This feature explores the experiences of participants who are paired up on dates. Participants of all kinds, are set up on dates whether romantic or platonic, albeit anonymously. For the inaugural article, two participants were party to a dinner and coffee in Media last Saturday night.
Why the Quaker Matchbox?
Acacia: I have very few dating experiences and a lot of them have been bad, so it couldn’t really get worse. I’m mostly excited to get out of the bubble on a weekend and feel like a real, normal person.
Oak: I’ll be graduating pretty soon but I want to constantly meet people. It’s a positive thing for me to do.
Swarthmore’s Dating Scene
Acacia: There are a lot of undefined relationships and people don’t go for actual dates. In my recent history, I’ve been in undefined relationships and I think I’m done with them, basically. More definition is a good thing.
Oak: I’ve never had the experience of a “campus couple” but it’s the perfect environment for dating. People are smart and generally nice. Swarthmore, on both sides of the sexes, has a solid pool of people for relationships.
Acacia: Although there are great guys here, I think all of them are already taken or not straight.
Oak: Compared to other schools, the girls are below average but there’s still a pretty good amount of people who are attractive and not dumb.
Acacia: I’ve been on a date that was hijacked by a third wheeler so as long as it’s one-on-one…
Oak: I’m a man of low expectations. The only thing I’m trying to get out of this is a good time.
Acacia: He seemed like a nice guy. I really liked his style.
Oak: She was very tall. She sounded like she had a very international background but didn’t have an accent. That was surprising.

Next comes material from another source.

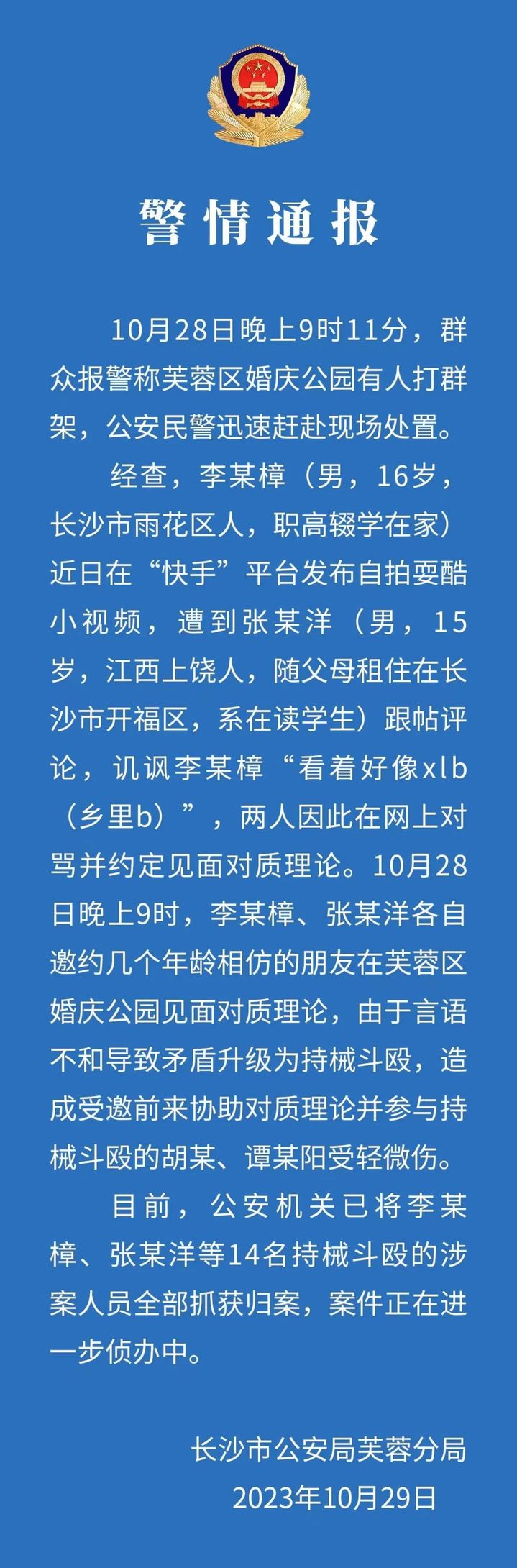 长沙市公安局芙蓉分局29日通报显示,目前,公安机关已将李某樟、张某洋等14名持械斗殴的涉案人员全部抓获归案,案件正在进一步侦办中。

Acacia: In Media we got dinner at Desert Rose and talked about different things. We have similar tastes in music and interests in art and had quite a lot to talk about.

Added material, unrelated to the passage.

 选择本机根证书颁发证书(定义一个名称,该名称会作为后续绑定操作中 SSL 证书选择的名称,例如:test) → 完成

Oak: The food was good. We talked about things like traveling.
Acacia: He suggested we go get a cup of coffee. We walked to a bank in a coffee shop but there was a person playing live music in front of a bunch of ATMs so we decided to pass on that. We went to a place down the street that had live music.
Oak: We went to a cafe, Seven Stones, and she had coffee and I had something uncaffeinated. We kept talking — mostly her asking questions, mostly me answering.
Acacia: Before catching the train we sprinted to Wawa and we almost missed the train. He wanted to get cigarettes. It was kind of fun. I was in heels. I don’t mind walking quickly. He walked me back to my dorm.
Oak: We got back with the 9PM train.
Acacia: He gave me a hug when we first met which was a good way to start off. I forgot to tip at the coffee shop and he got it. That was really nice.
Oak: I said to her that I’m a man from many places. But she’s the one from a lot more places than I am. Where she grew up and had been in the world was interesting. Her gender sexuality studies major stood out.
Acacia: I had a lot of fun and there was lots of laughing. If we had crossed paths, I definitely would have gone on a date with him. But I don’t know if it would have happened because I had to Cygnet him to see who he was before going on the date. Even if people think there is no one on campus, there are still people that, for whatever reason, you’ve never seen or run into.
Oak: Despite the fact I barely know her, it didn’t feel awkward at all. Meeting her in a new environment was definitely a positive thing.
Post-Date Prognosis of Swat Romances
Acacia: If people were more confident and up for having fun or predetermined notion of what they want, they could be dating.
Oak: A lot of people talk shit about Swarthmore and the food. Taking someone off campus would be a good idea. I’m not talking for myself, but I think there is a possibility for a real relationship to spur out of this thing.